Exercise instructions: All that should be output is the block of lines below from the line with "Mũ 3/4 size" to the line with "石家庄信息工程职业星空(中国", both included, exactly as written.

Given data:

╭──

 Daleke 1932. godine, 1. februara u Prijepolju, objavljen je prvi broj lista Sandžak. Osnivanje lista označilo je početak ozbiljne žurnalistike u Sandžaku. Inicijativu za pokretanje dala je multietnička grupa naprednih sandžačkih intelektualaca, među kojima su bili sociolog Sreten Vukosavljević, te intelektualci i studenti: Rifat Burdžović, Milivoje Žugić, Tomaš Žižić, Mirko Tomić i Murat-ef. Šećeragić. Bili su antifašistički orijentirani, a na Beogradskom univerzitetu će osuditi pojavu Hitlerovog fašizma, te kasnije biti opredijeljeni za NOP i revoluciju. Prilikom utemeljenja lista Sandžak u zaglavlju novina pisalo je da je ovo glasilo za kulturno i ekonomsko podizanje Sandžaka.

╰──
╭──

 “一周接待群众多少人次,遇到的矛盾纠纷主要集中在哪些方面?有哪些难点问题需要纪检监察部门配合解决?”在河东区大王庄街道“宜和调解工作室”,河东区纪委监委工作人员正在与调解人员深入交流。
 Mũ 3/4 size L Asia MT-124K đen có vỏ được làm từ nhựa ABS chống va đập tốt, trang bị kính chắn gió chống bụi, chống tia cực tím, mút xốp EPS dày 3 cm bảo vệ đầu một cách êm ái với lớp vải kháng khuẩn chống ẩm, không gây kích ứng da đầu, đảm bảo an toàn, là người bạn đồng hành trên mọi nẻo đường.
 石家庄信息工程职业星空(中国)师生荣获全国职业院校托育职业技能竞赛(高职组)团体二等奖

╰──
╭──

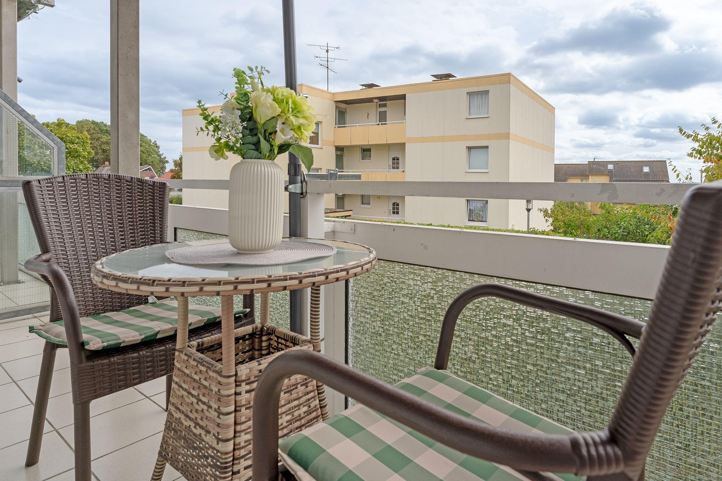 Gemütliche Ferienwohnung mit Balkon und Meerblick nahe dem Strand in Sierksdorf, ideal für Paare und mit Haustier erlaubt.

╰──

Answer box:
 Mũ 3/4 size L Asia MT-124K đen có vỏ được làm từ nhựa ABS chống va đập tốt, trang bị kính chắn gió chống bụi, chống tia cực tím, mút xốp EPS dày 3 cm bảo vệ đầu một cách êm ái với lớp vải kháng khuẩn chống ẩm, không gây kích ứng da đầu, đảm bảo an toàn, là người bạn đồng hành trên mọi nẻo đường.
 石家庄信息工程职业星空(中国)师生荣获全国职业院校托育职业技能竞赛(高职组)团体二等奖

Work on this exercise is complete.